**Provided data:**
Start of Block

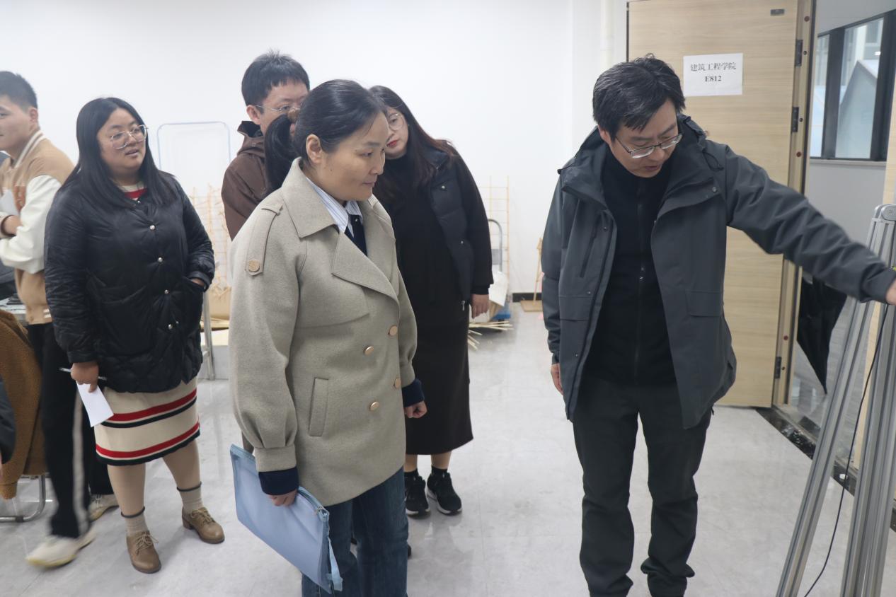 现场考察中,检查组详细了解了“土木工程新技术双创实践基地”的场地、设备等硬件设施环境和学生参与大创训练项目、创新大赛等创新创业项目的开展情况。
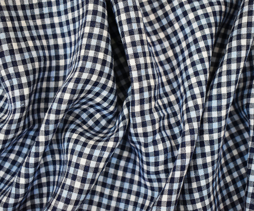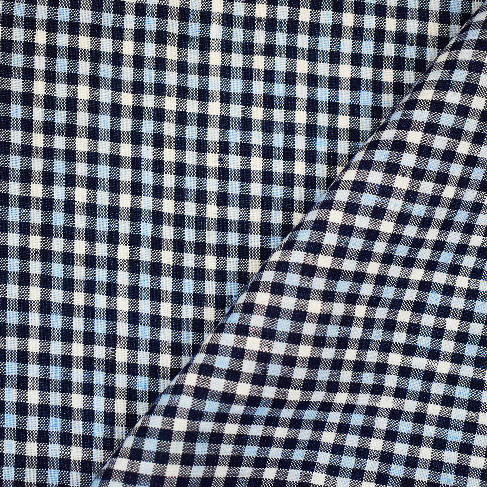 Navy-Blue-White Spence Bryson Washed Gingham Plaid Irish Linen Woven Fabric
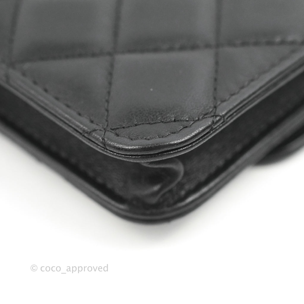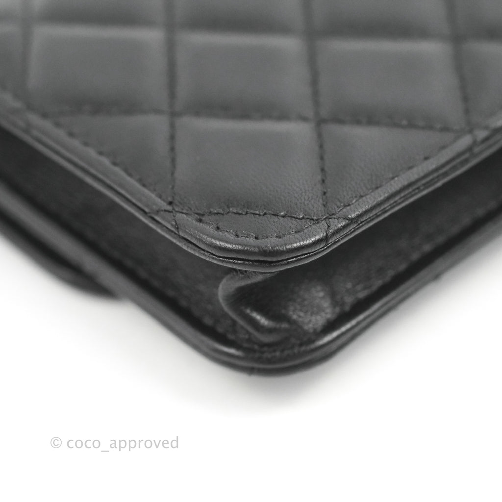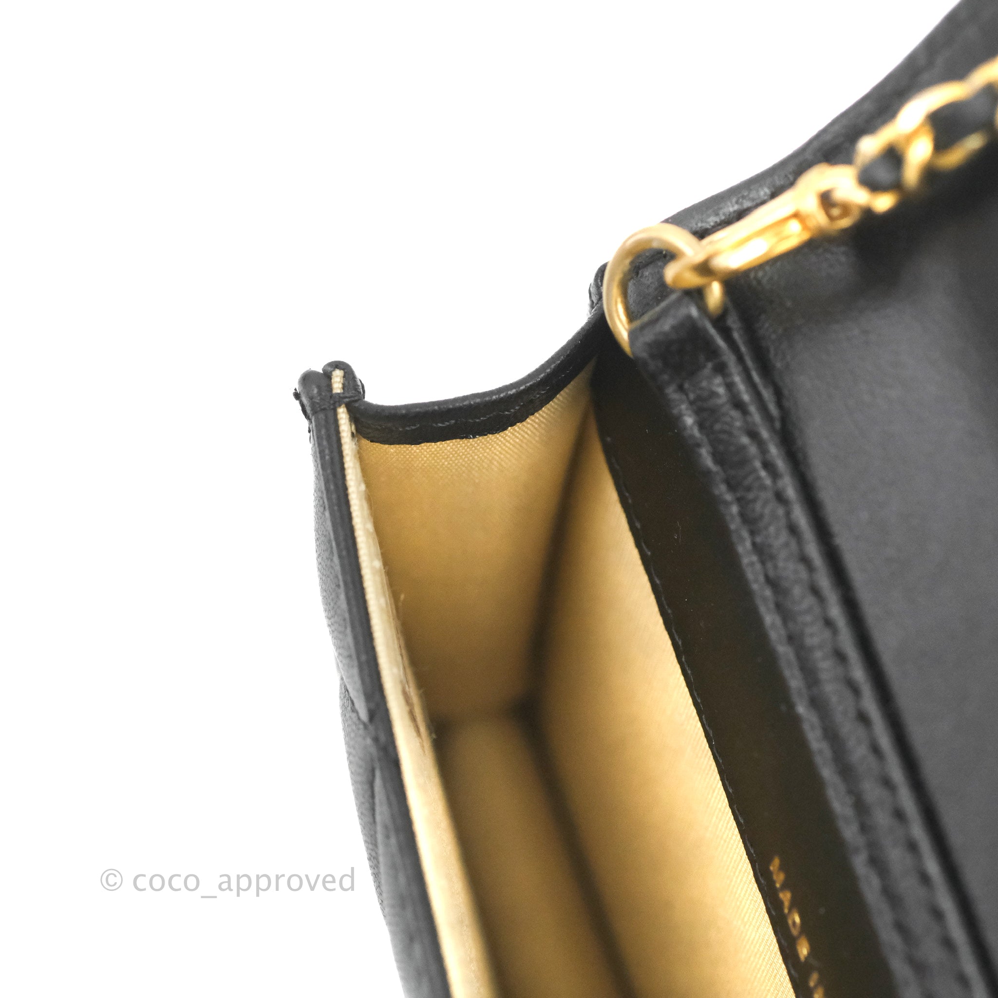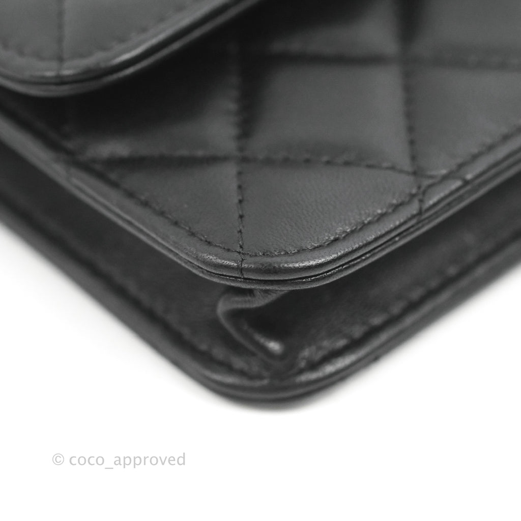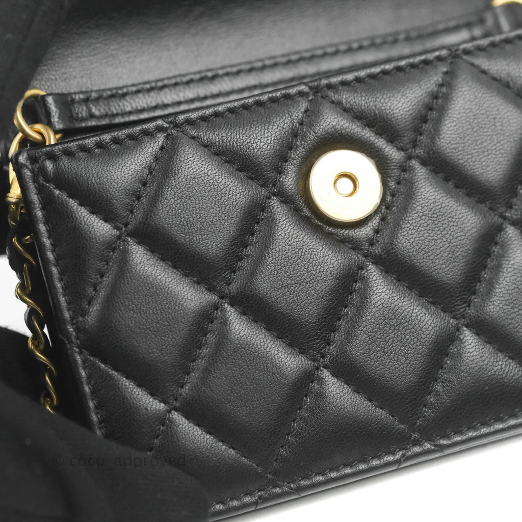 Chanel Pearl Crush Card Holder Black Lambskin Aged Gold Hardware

End of Block

Exactly the lines from the one containing "Navy-Blue-White Spence Bryson" through the last line of the material above, both included and free of pictures, should make up your answer, please.

 Navy-Blue-White Spence Bryson Washed Gingham Plaid Irish Linen Woven Fabric
 Chanel Pearl Crush Card Holder Black Lambskin Aged Gold Hardware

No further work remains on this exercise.